The plan was given a cool reception by state transportation officials, however. “This plan is dead on arrival,” Rep. Judy Clibborn, D-Mercer Island, chairwoman of the House Transportation Committee said in a statement. “While it is nice to finally see some sort of proposal from the House Republicans, it is hard to take these proposals seriously.” Both the House and Senate have approved transportation budgets, and Clibborn is working with Senate transportation panel chairwoman Mary Margaret Haugen, D-Camano Island, to iron out the differences.

Several stories this week exemplify the rancor that exists between the parties over transportation funding. There was a time when transportation was largely a bi-partisan topic where everyone could benefit. Today things are different at both state and federal levels. Through partnering, leadership and collaboration have worked on our projects. Cooperation probably wouldn’t hurt on the political front as well. TW

AAA: Crashes Cost Seattle More than Congestion

Puget Sound Business Journal – March 5, 2008

SEATTLE - Car crashes are costing the Seattle-area more money than the region’s widespread congestion problems, according to a report commissioned by the AAA travel club. The city ranks No. 9 among major metropolitan cities in crash costs, which total $3.39 billion in the Seattle-Tacoma-Bellevue area. New York City is at the top of the list, with crashes costing over $18 billion per year.

In comparison, congestion costs in the Seattle area are $1.4 billion per year, compared with the national leader, Los Angeles, where congestion costs more than $9.3 billion annually. Each year, crashes cost a total of $164.2 billion to urban areas nationally, while congestion costs come in at $67.6 billion.

The study, conducted by Cambridge Systematics Inc. for AAA did not give specific recommendations about how to lower the number of crashes, except for encouraging public support for state and federal funding of road safety-related improvements. Eleven components were measured in the study to determine total crash damage: property damage, lost earnings, lost household production (non-market activities occurring in the home), vocational rehabilitation, emergency services, medical costs, travel delay, workplace costs, administrative, legal, pain and lost quality of life.

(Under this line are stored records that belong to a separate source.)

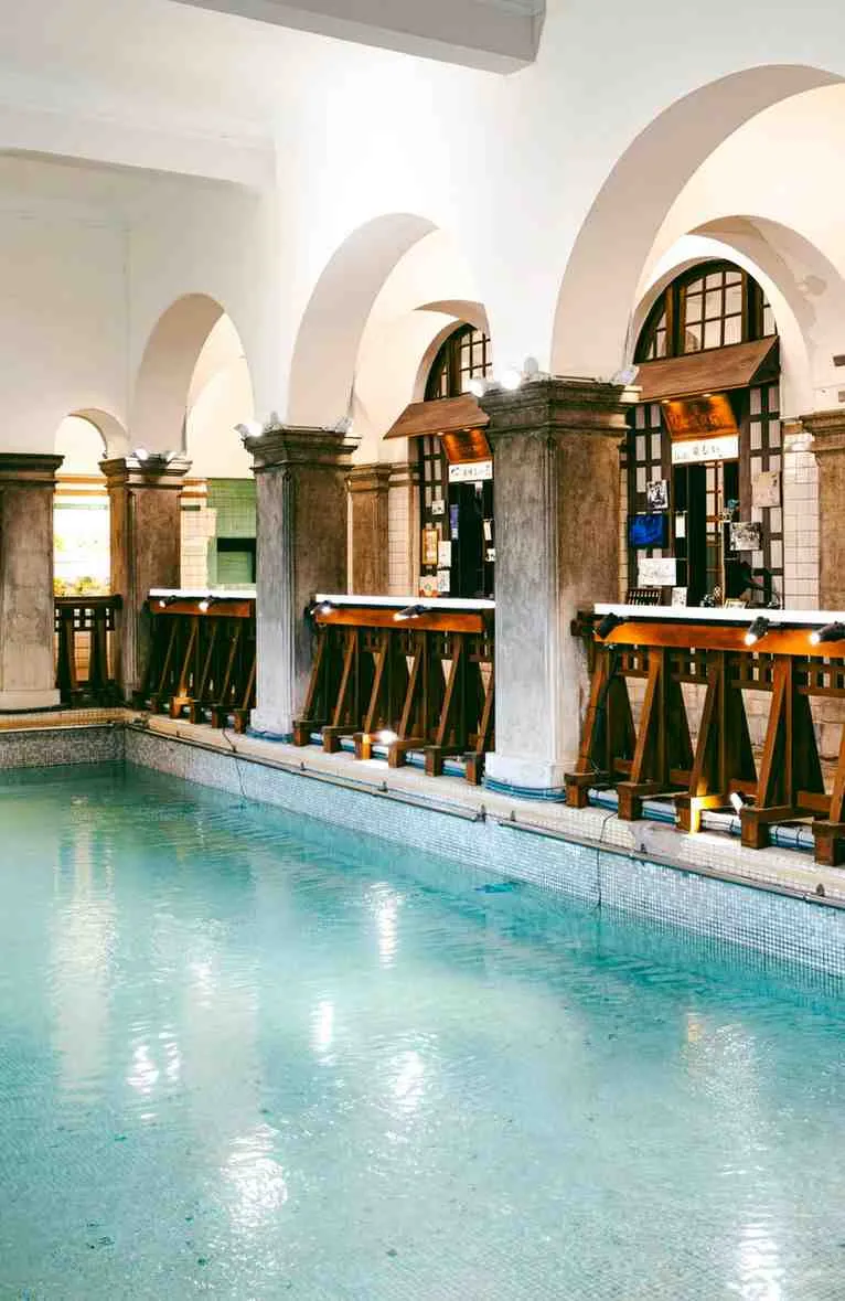 1913년 6월, 일제강점기 당시 일본 이즈 온천 대중탕을 모티브로 지어졌으며, 베이터우 온천 문화의 출발점이었다. 온천 관광이 활발했을 때 유랑 악사와 게이샤가 유입됐고, 오토바이로 연주자와 바 종업원이 오가던 독특한 풍경, 베이터우식 타이완 요리의 발전 등 독특한 문화도 있었다. 또 1960~1970년대에는 베이터우가 타이완 영화의 촬영지로도 유명했다.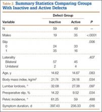 Fifty-seven patients (29 males, 28 females) with a total of 108 pars defects (6 unilateral, 102 bilateral) were identified. Mean age was 14.64 years. Of the 108 defects, 49 were classified as active and 59 as inactive. SPECT results were available for 52 defects, MRI results for 85, and CT results for 76 (Table 1). There was no difference between the active and inactive groups in age (14.7 vs 14.6 years; P = .083), body mass index (24.2 vs 21.7 kg/m2; P = .034), symptom duration (236.3 vs 397.4 days; P = .016), lumbar lordosis (27.4° vs 32.1°; P = .097), pelvic incidence (59.0° vs 61.2°; P = .488), slip percentage (9.5% vs 14.2%; P = .034), and laterality (right vs left, P = .847; unilateral vs bilateral, P = .281) (Table 2). There was a significant difference between the active and inactive groups in sex (35 vs 19 males; P < .0001) and presence of listhesis (16 vs 35; P = .006) (Table 2).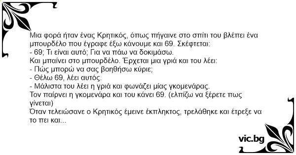 Όταν τελειώσανε ο Κρητικός έμεινε έκπληκτος, τρελάθηκε και έτρεξε να το πει και στους φίλους του. Τους λέει λοιπόν τι έγινε και πόσο πολύ τους άρεσε, και τρέξανε όλοι να κάνουν 69. Τότε πήγε και ο Μανωλάς. Μπαίνει στο μπουρδέλο και λέει στη γριά.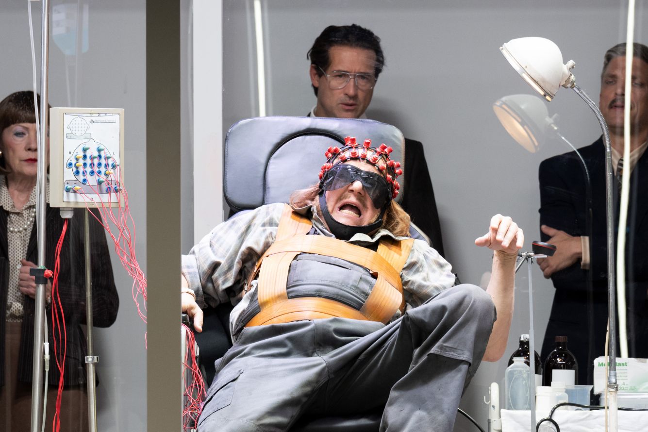 Открывающая цикл сцена Альбериха (Йоханнес Мартин Кренцле, при появлениях меняющийся до неузнаваемости — от честного работяги в комбинезоне до инфернального дряхлого старика в подгузнике) с русалками Рейна решена как эксперимент, при котором подопытный видит галлюцинации и внезапно сходит с ума. Великан Фафнер, ставший драконом (фактурный бас Петер Розе), — спятивший в смирительной рубахе. Магический сон валькирии Брунгильды — лаборатория исследований сна, где ее и находит Зигфрид. Смерть Зигфрида (кульминация «Сумерек богов») достигает катарсического эффекта, и без того обеспеченного музыкой, медленно собирая множество персонажей у койки с пациентом, умершим во время очередного опыта. Непредвиденный летальный исход, несчастный случай.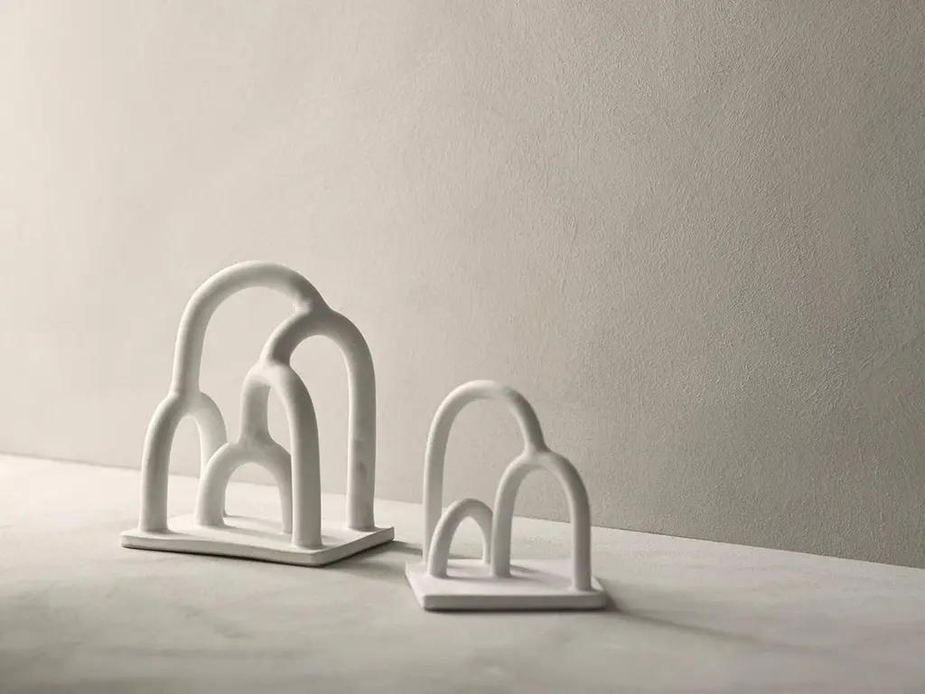 Doodle sculpture IV by Sophie RogersDimensions: D 14 x W 14 x H 17 cmMaterials: Ceramic, glazeOther glaze colors available.Created based on childhood sketching on paper for hours. Arches shapes the sculpture and are loved by the light and shadows. The size differs from piece to piece as they are all unique and handmade.Sculptor Sofia Tufvasson started her professional life as a graphic designer but after 20 years she decided to shift her focus to clay and ceramics. Today Sofia is creating beautiful handcrafted sculptures from her studio in Stockholm.Clay has always been a fascinating material for Sofia Tufvasson. Having worked in the two dimensional world as graphic designer, the clay offered her freedom to think and create three-dimensionally. Her inspiration is found in everyday situations and places such as nature or a shape or certain shadow she passes.Sofia works to emphasise the playfulness of the shadows her pieces cast. It gives them an additional dimension, making them feel alive and interesting. The material is always clay but the type of clay varies depending on the glazing and the desired expression of each individual piece. Sofia works mostly with matte versions of glaze since they help to reinforce the shadows created by a sculpture.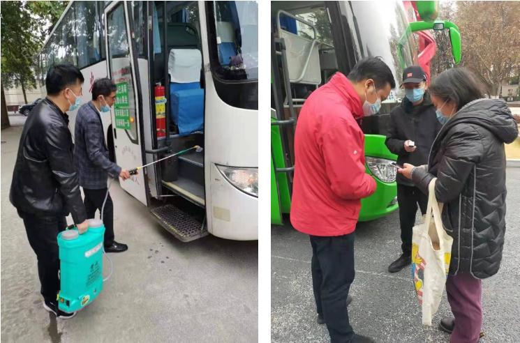 圖:通勤班車人員進行車輛消殺和執(zhí)行乘車人員測溫和核查措施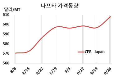 나프타(Naphtha)는 상승했다. 나프타 시세는 9월26일 기준 CFR Japan 톤당 608달러로 약 11달러 상승했다. |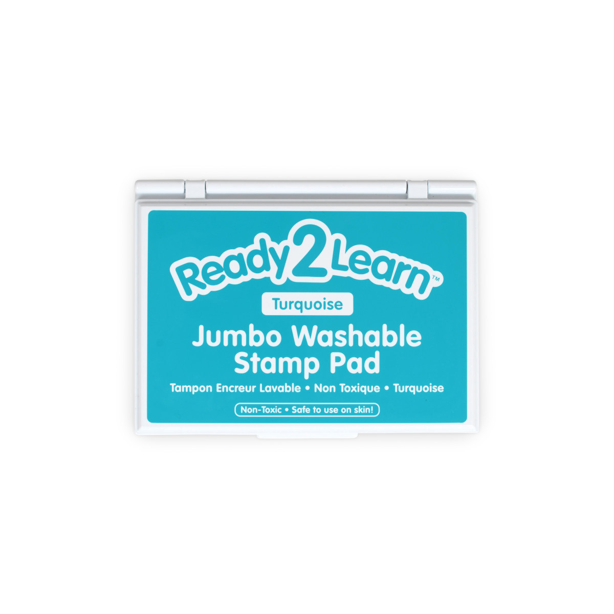 This large turquoise stamp pad contains washable, non-toxic ink. Washable stamp pads offer a variety of creative possibilities with easy cleanup! The ink is safe for hand and finger stamping and washes off skin and most clothing with warm, soapy water. The quick-drying, fade-resistant ink is also acid-free for archival quality. The raised pad means there are no hard edges around the ink. Children can press down without hitting an edge, which provides more area for stamping. The turquoise ink in this stamp pad presents crisp, vivid images when stamped. Stamping is a fun way to develop fine motor skills and foster creative expression. The ink pad is packaged in a plastic case with a flip cover to prevent it from drying out. For ages 3+. Size of ink pad: 6.2"L x 4.1"W. Size of entire stamp pad (with plastic casing): 6.7"L x 4.9"W x 0.75"H.
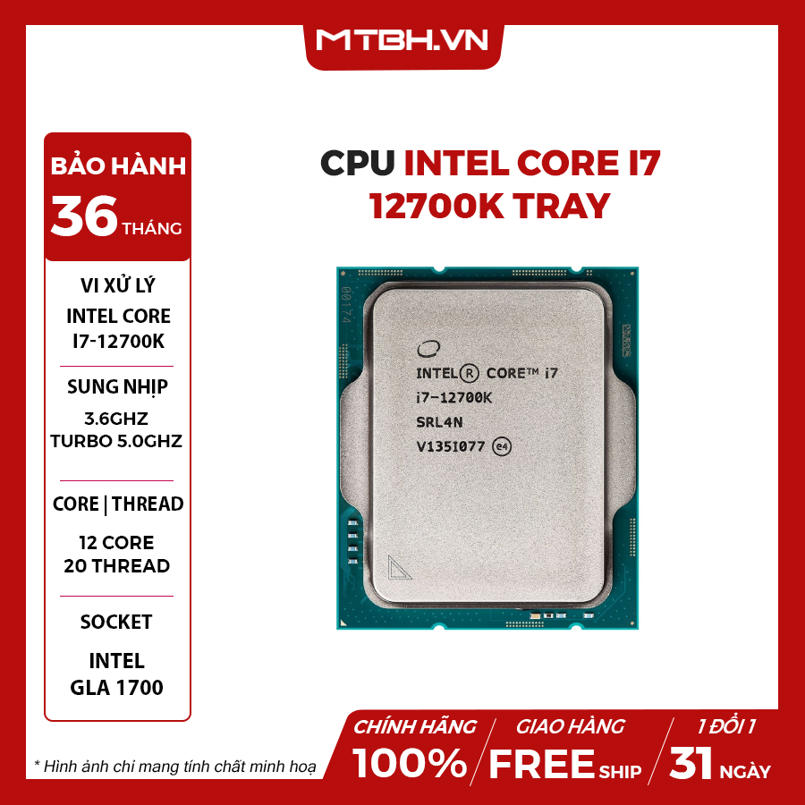 CPU Intel Core i7-12700K sử dụng Socket LGA 1700 hoàn toàn mới và có thể chạy được trên các bo mạch chủ H610, B660, H670 & Z690. Tuy nhiên bạn nên sử dụng chung với các bo mạch chủ tối thiểu từ B660 để đạt được hiệu năng & độ ổn định cao nhất.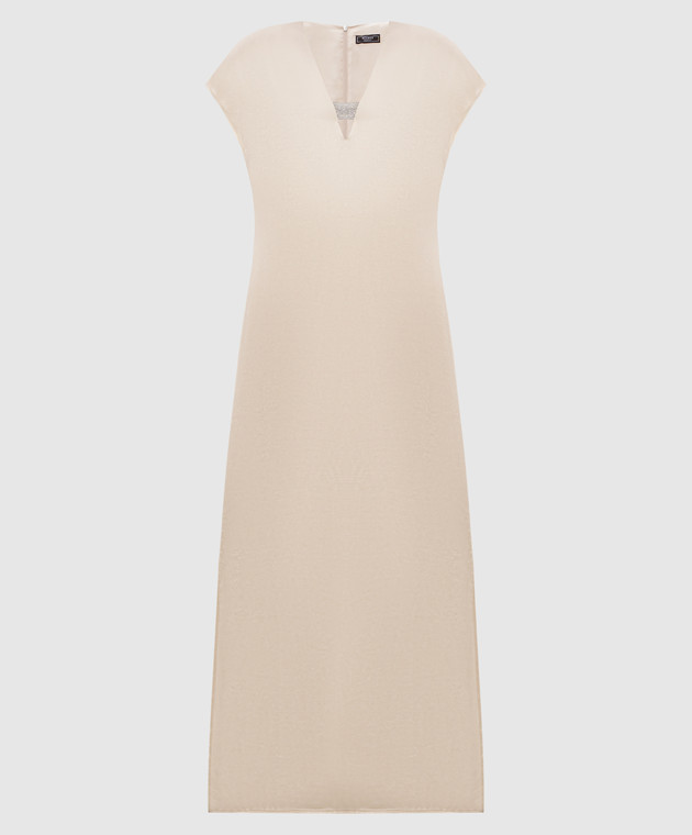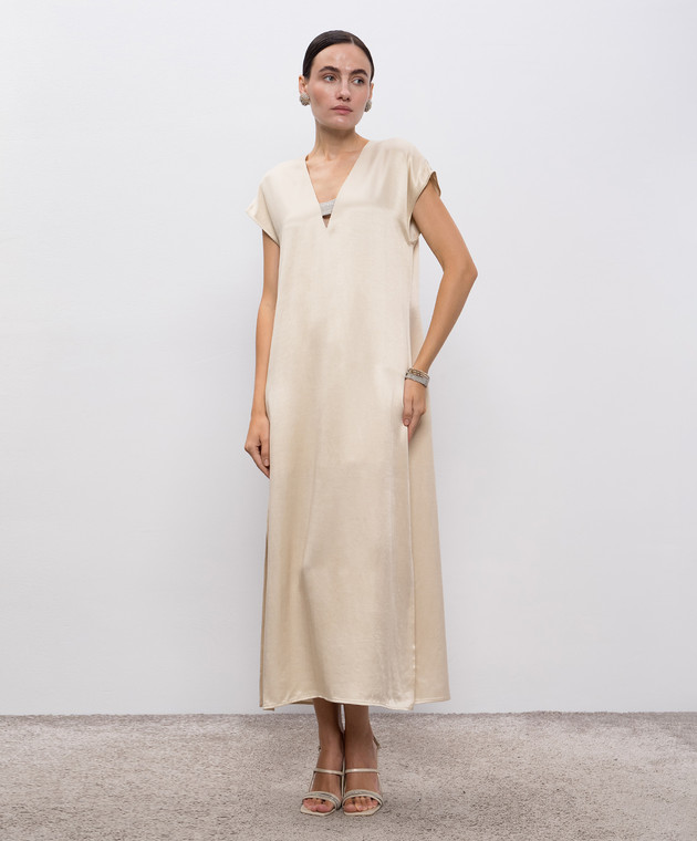 Бежева сукня міді з розрізами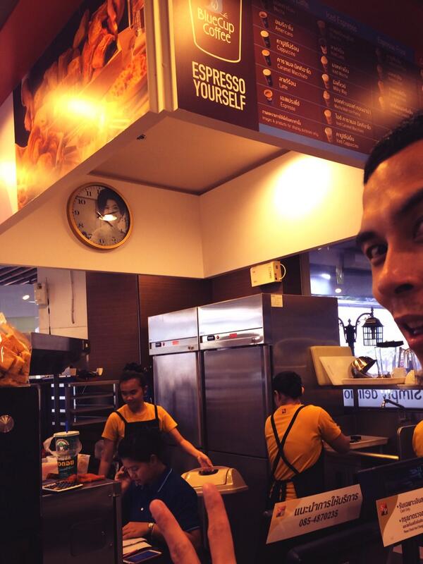 เป็นเหตุบังเอิญสองครั้งครับ ที่ผมเจอการกระทำที่ไม่เหมาะสมของพนักงานร้านค้า ที่ผมไปเป็นลูกค้า ครั้งแรกผมไปซื้อกาแฟที่ร้าน Blue Cup Coffee สาขาฟอร์จูน ทาวน์ ปรากฏว่าสิ่งที่ผมเจอภายในร้าน ขณะที่พนักงานกำลังง่วนกับการทำกาแฟที่ผมสั่ง ผมสังเกตุเห็นพนักงานหลังร้านคนนึงถือกาแฟแก้วนึงมา หยิบมาทานเสร็จสัพแล้วก็วางไว้ในร้านซึ่งเป็นจุดที่เห็นได้ชัดจุดหนึ่ง ถ้าเป็นกาแฟของร้านคงไม่เป็นไร แต่เป็นแก้วกาแฟของร้านกาแฟชาวดอย ตั้งวางไว้อย่างเปิดเผย ผมถ่ายรูปแชะไว้เป็นหลักฐานหนึ่งรูป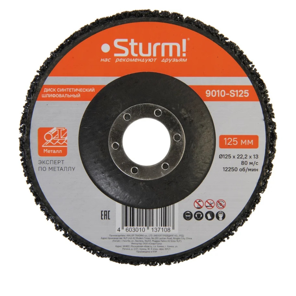 Диск синтетич. шлифовальный Эксперт по металлу 125 мм, Sturm!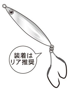 バイトの大半がフォールに集中するシーバスジギングにおいて、如何にしてフォールバイトを捉えるかをテーマに開発。超先鋭鈎先の新形状フックを採用することで、ジャレつくようなフォールバイトをオートマチックにフッキングが可能。掛けてからは深いベンドヒール部がしっかりとホールドしバラシを防止。アシストラインにはこの釣りの創成期から確立された実績の寸法を採用し、理想のフッキングを実現。パーツ細部に至るまでこだわった専用設計で釣果アップをサポートします。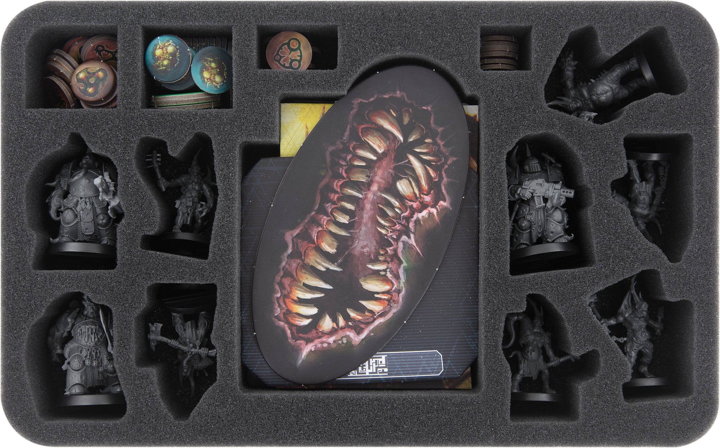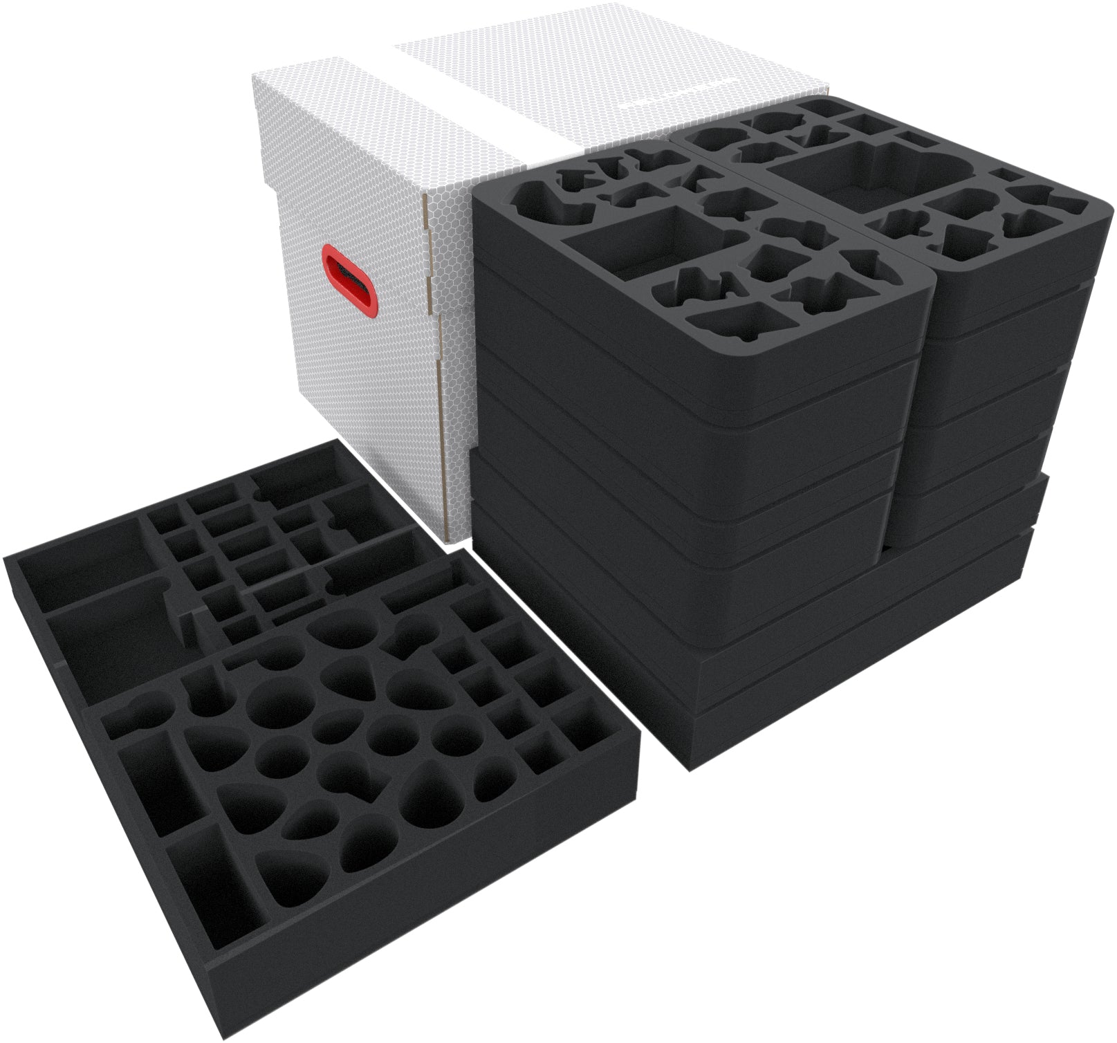 Aby Twoja kolekcja Blackstone Fortress dotarła do stołu gry w całości i w nienaruszonym stanie, Storage Box jest wypełniony dwoma wkładkami z pianki Full-Size i ośmioma wkładkami z pianki Half-Size, dostosowanymi do Twojej kolekcji.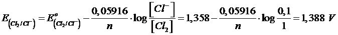 Applichiamo l'equazione di Nernst per calcolare il potenziale del Cloro con [Cl-] = 0,1M e p = 1 atm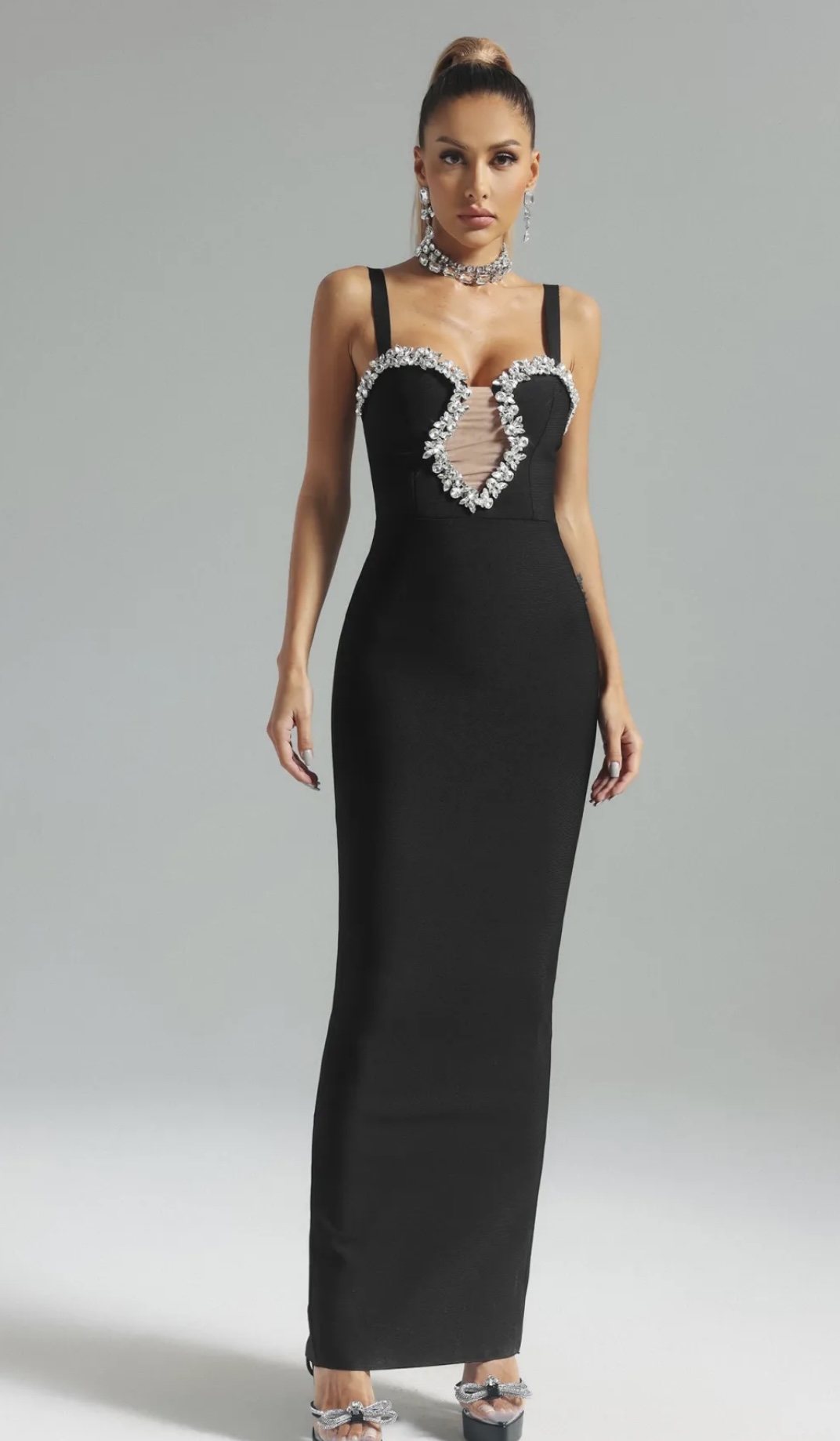 Make a statement at your next formal event with this stunning black evening gown. Featuring a form-fitting silhouette, this dress boasts thin shoulder straps and a dramatic sweetheart neckline adorned with intricate silver crystal embellishments. The structured bodice ensures a flattering fit, while a sheer panel adds a touch of modesty to the deep V-neckline. Perfect for making a bold yet elegant impression, this gown is ideal for any special occasion.

$8M Grants for SEPTA & Local Transit Services

Philadelphia Inquirer, PA – March 6, 2008

Pennsylvania - SEPTA and local transit services in Pennsylvania will soon be getting nearly $8 million in state and federal funding to help with the cost of routes that serve reverse commuters this year, according to the Delaware Valley Regional Planning Commission. The money, coming from 35 grants, is intended to assist low-income workers and welfare recipients by enhancing weekend, nighttime and other off-peak service, particularly on routes that carry urban residents to suburban employment.

The Federal Transit Administration and department of transportation grants, which were announced this week at Market East Station, make it possible for the routes to be financially viable. The off-peak service will provide a mode of transportation for about 5,000 commuters traveling to 300 employment sites each week in the five-county Philadelphia area.